The only problem with going with the P35 is that you will be forced to spend extra money on so called DDR3 memory because in order to get max stability on an overclock you have to get the fastest memory your board supports or even faster memory. 

Take a look at this:
http://www.ebuyer.com/UK/product/118025

And get some of this memory:
http://www.ebuyer.com/UK/product/120455

This will ensure you get a stable overclock when yo go to do so.

Everything else looks good, but if you will be doing a lot of gaming but not calculations or encoding, bump down to the E6750 and use the extra money to bump up to an 8800GTS 640 MB or 8800GTX.


----------



## bjonesy5 (Sep 1, 2007)

thanks matt, the think is the less money i spend the better, so do you think it would be ok to downgrade to the E6750 but keep the video card the same and buy the mobo you advised and the faster ram you also reccomended? will i lose much performance as really i want this as a good gaming rig


----------



## TheMatt (May 9, 2006)

That would work out fine. You will probably be able to overclock it back up to 3+ GHz.
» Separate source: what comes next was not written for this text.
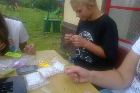 Dnia 14.08.2014 odbyły się kolejne wakacyjne warsztaty dla klubu 4H ,,Truskaweczki,, ,które miały miejsce przy placu zabaw na Pierstnicy. Dzieci wykonywały piękne naszyjniki, bransoletki i kolczyki z koralików, które można zakupić już na najbliższym festynie rodzinnym pod koniec miesiąca...

You could even go with the E6550 for even more overclocking potential.


----------



## bjonesy5 (Sep 1, 2007)

ok, im going to go with the E6750 and your Ram and mobo reccomendations, is it going to be cool enough if i overclock everything?


----------



## kodi (Jun 30, 2004)

If you are worrying about cooling go for a Antec 900 case


----------



## bjonesy5 (Sep 1, 2007)

thanks for the help, do you think the PSU is a bit over-kill or is it about right if im overclocking?


----------



## pharoah (Aug 28, 2006)

TheMatt said:


> The only problem with going with the P35 is that you will be forced to spend extra money on so called DDR3 memory because in order to get max stability on an overclock you have to get the fastest memory your board supports or even faster memory.
> 
> .


i will say that logic is kinda flawed.that asus board clearly said ddr2.it doesnt even have ddr3 support.


----------



## bjonesy5 (Sep 1, 2007)

ive just noticed that, i may go with the p5k with the better 900mhz ram, would this work?


----------



## pharoah (Aug 28, 2006)

bjonesy5 said:


> ive just noticed that, i may go with the p5k with the better 900mhz ram, would this work?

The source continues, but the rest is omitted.